But what can AI not do? It is to transform the wisdom in the book into your judgment.

AI can give you a summary of the book “Principles”, but AI doesn’t know what the conflict you had with your colleague last week has to do with Dalio’s “absolute honesty.” AI can tell you what “The Courage to Be Disliked” is about, but AI doesn’t know what kind of dialogue is hidden between the decision you didn’t make ten years ago and Adler’s “teleology.”

Only you can complete the transformation from the book to me.

And Brother Hao’s “[Hao Huishu] (https://www.books.com.tw/exep/assp.php/vista/products/0011050121?utm_source=vista&utm_medium=ap-books&utm_content=recommend&utm_campaign=ap-202604)” is a reference book that teaches you how to do this transformation.

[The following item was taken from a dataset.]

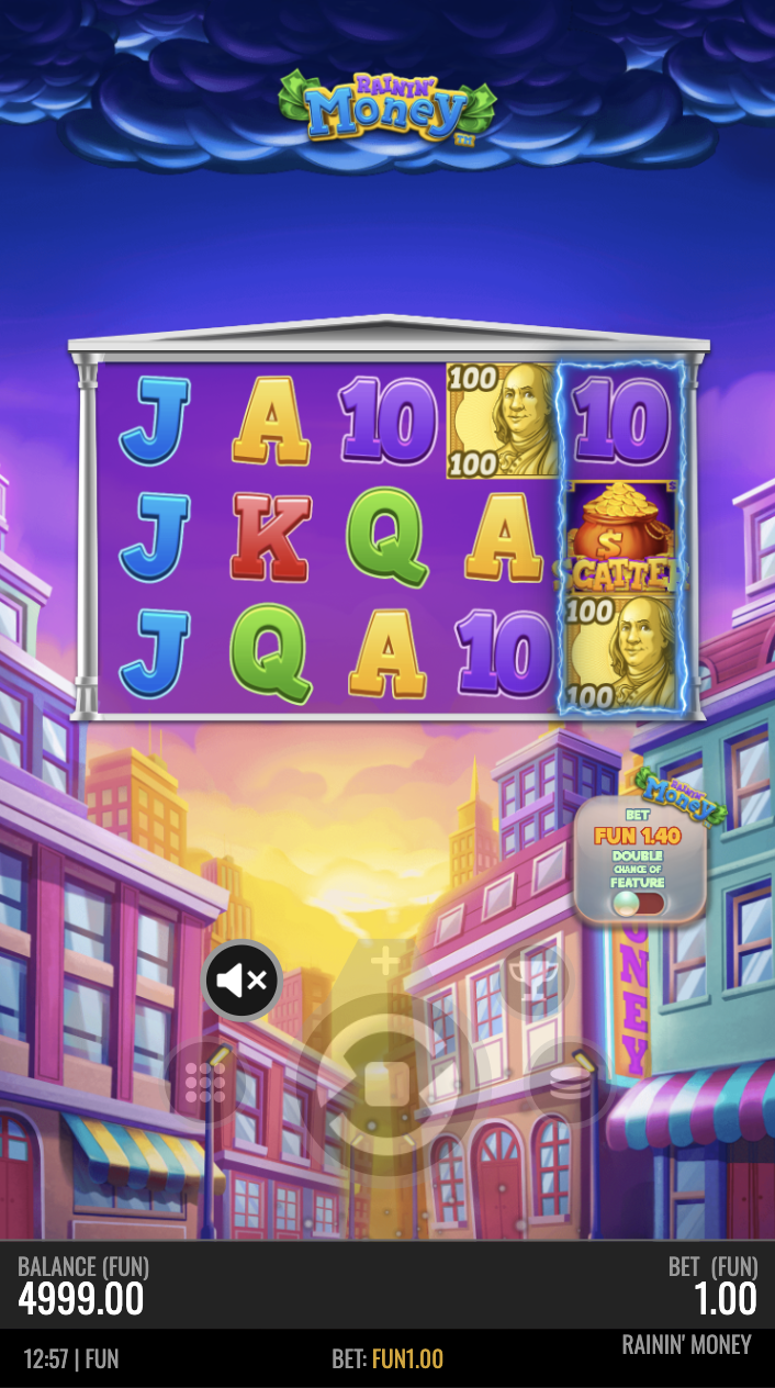 With crisp cartoonish visuals and a highly readable symbol hierarchy, Rainin' Money is a cool, calm spinning experience...or is it? Rainin' Money includes an ante bet functionality, providing your players with enhanced betting options and amping up gameplay, going so far as to double the chance of hitting Rainin' Money's titular feature. The Rainin' Money feature strikes like lighting, with - as the name suggests - money raining down from the sky. Players can tap their screen to collect cash values and potentially additional picks. Landing three or more Scatter Symbols launches the player into Freespins with an increased chance of triggering Rainin' Money via the highlighted reels.

In other words: after the AI ​​era, reading will not disappear, but will become differentiated. One kind of person reads to let AI help him quickly dispose of a book; the other kind of person reads to connect the book to his own life. The former reads quickly, but cannot retain it; the latter reads slowly, but every book becomes a part of him.

What kind of reader do I want to be? The answer is no brainer.

I would like to recommend this to you especially if you are leading a reading club.

If you are also leading a reading club, organizing a reading group, or running a knowledge-based community, I am happy to recommend you to read this book.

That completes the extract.